Does it matter during development though? You could always develop on GNU toolchain and then make a final build in VC once the feature code is complete.
I actually don't understand the original poster's slowness with Windows. We use Perforce and VC++ .slns, sometimes with apps split into DLLs and get none of the slowness the poster talks about. Actually we get significantly better performance with this than under Unix with GCC. No-change or small change rebuilds take a few seconds, with the time being dominated by the link and proportional to the link size.
In my experience, you don't have to be careful. I've written lot's of C++ that compile fine on Windows (using mingw/msys) or Linux/Mac using gcc. Can you provide an example of where gcc specific features are included w/o the developer explicitly doing so?
This is pretty common and not particularly difficult. Most large cross-platform C++ projects (ie most browsers and game engines) compile in both gcc and msvc. It is easy to naively write code in one compiler that won't build in another, but it's also easy to fix said code once you try to build it with another compiler.
I mentioned that in a context of application which is crossplatform already and when something is being developed, it affects (in most cases anyways) all platforms in the same way - so this limitation is "built-in" already.
We've done compiler tests between VC express 2010 and GCC (Mingw gcc 4.6.x branch) at work with GCC beating VC express at '-O3 -ffast-math -march=corei7' vs '/O2 /arch:SSE2' for our code on Intel Core i7 nehalem. GCC even beat ICC on certain tests on that same Intel hardware.
What we weren't able to compare between the compilers was link-time optimization and profile-guided optimization since Microsoft crippled VC express by removing these optimizations.
So when someone makes claims that 'VC++ generates significantly better code than GCC' I want to see something backing that up. Had I made a blanket statement that 'GCC generates significantly better code than VC++' someone would call me on backing up that aswell, and rightly so.
So when you didn't use the two most important perf features in MSC, its performance was underwhelming. This is no surprise.
Also, if you were doing anything heavily floating-point, MSC 2010 would be a bad choice because it doesn't vectorize. Even internally at Microsoft, we were using ICC for building some math stuff. The next release of MSC fixes this.
Well we obviously didn't enable PGO/LTO for GCC either when doing these tests as that would have been pointless.
It would have been interesting to compare the quality of the respective compiler's PGO/LTO optimizations (particularly PGO given that for GCC and ICC code is sometimes up to 20% faster with that optimization) but not interesting enough for us to purchase a Visual Studio licence.

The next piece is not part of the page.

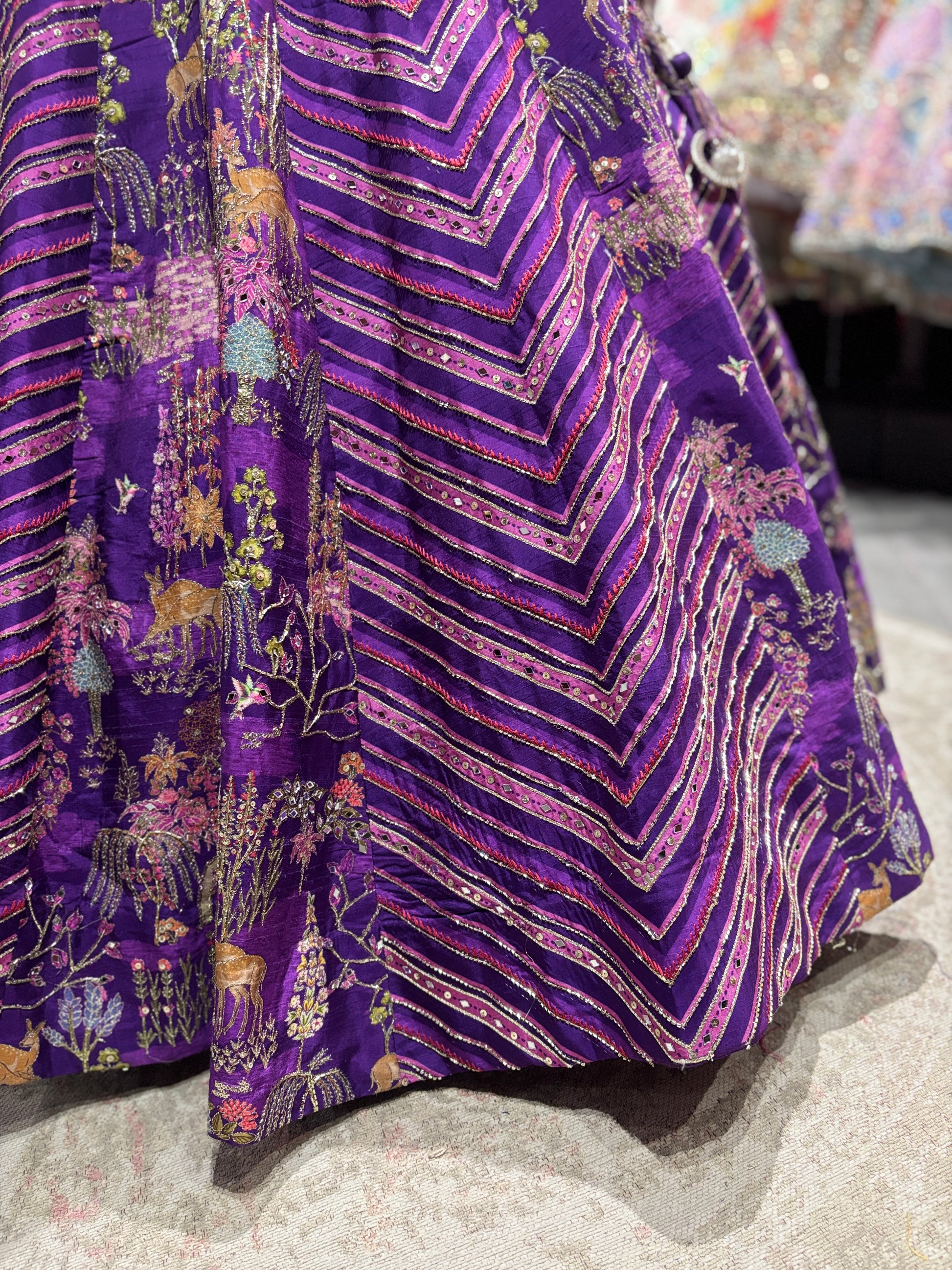 Turn heads in this stunning royal purple lehenga, designed with vibrant multi-color embroidery and striking chevron patterns. Crafted on a rich silk-blend base, the lehenga features intricate zari and thread work showcasing floral, traditional, and artistic motifs that add depth and character. The bold zigzag design enhances the flare, creating a dramatic and flattering silhouette.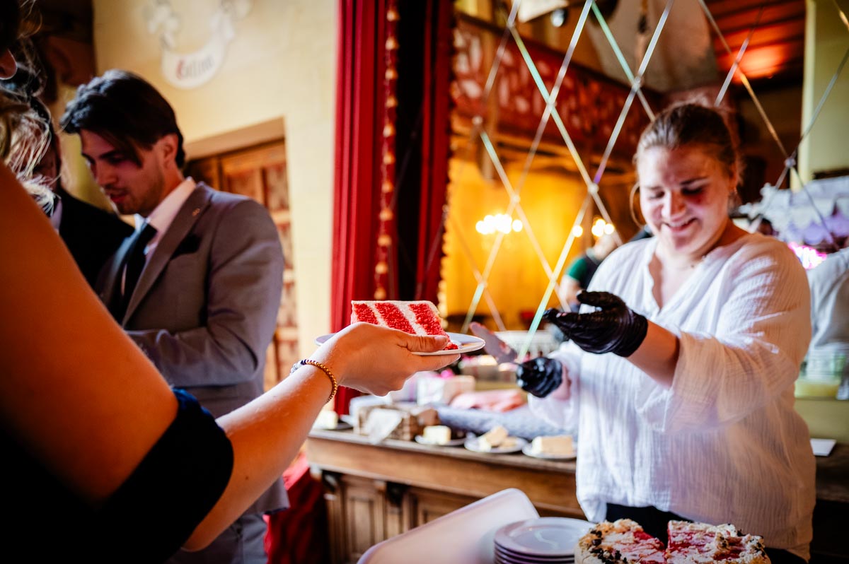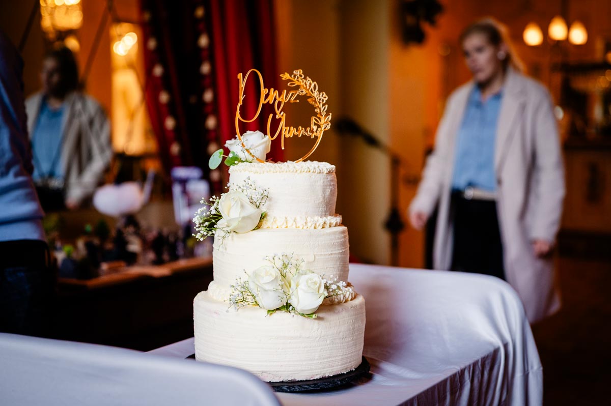 Der große Saal hat mehrere Funktionen bei Eurer Hochzeit. Hier wird gegessen, gefeiert und auf Wunsch auch die Hochzeitstorte angeschnitten.

And yes we use floating point math in most of our code, and if MSC doesn't vectorize then that would certainly explain worse performance. However this further denies the blanket statement of 'VC++ generates significantly better code than GCC.' which I was responding to.
I believe that at least one of the projects the original blog post mentioned - Chromium - can't be compiled with LTO or PGO enabled. Apparently the linker just runs out of memory with it and most large projects.
Well it makes sense that LTO would have high memory requirements given that the point of the optimization is to look at the entire program as one entity rather than on a file by file scope and I have no doubt this can cause problems with very large projects.
PGO on the other hand seems very unlikely to fail due to memory constraints, atleast I've never come across that happening, the resulting code for the profiling stage will of course be bigger since it contains profiling code but I doubt the compilation stage requires alot more memory even though it examines the generated profiling data when optimizing the final binary.
It seems weird that PGO would not work with Chromium given that it's used in Firefox (which is not exactly a small project) to give a very noticeable speed boost (remember the 'Firefox runs faster with windows Firefox binary under wine than the native Linux binary debacle'? That was back when linux Firefox builds didn't use PGO while the windows builds did.)
With respect, this is not how claims work. You can't make a claim and then expect your opponents to have the burden of proof to refute it.
If you make a claim such as 'GCC produces significantly worse code than alternate compiler A' then it's completely reasonable to ask for something to support it. Tone wise perhaps the post could have been improved, but the principle stands.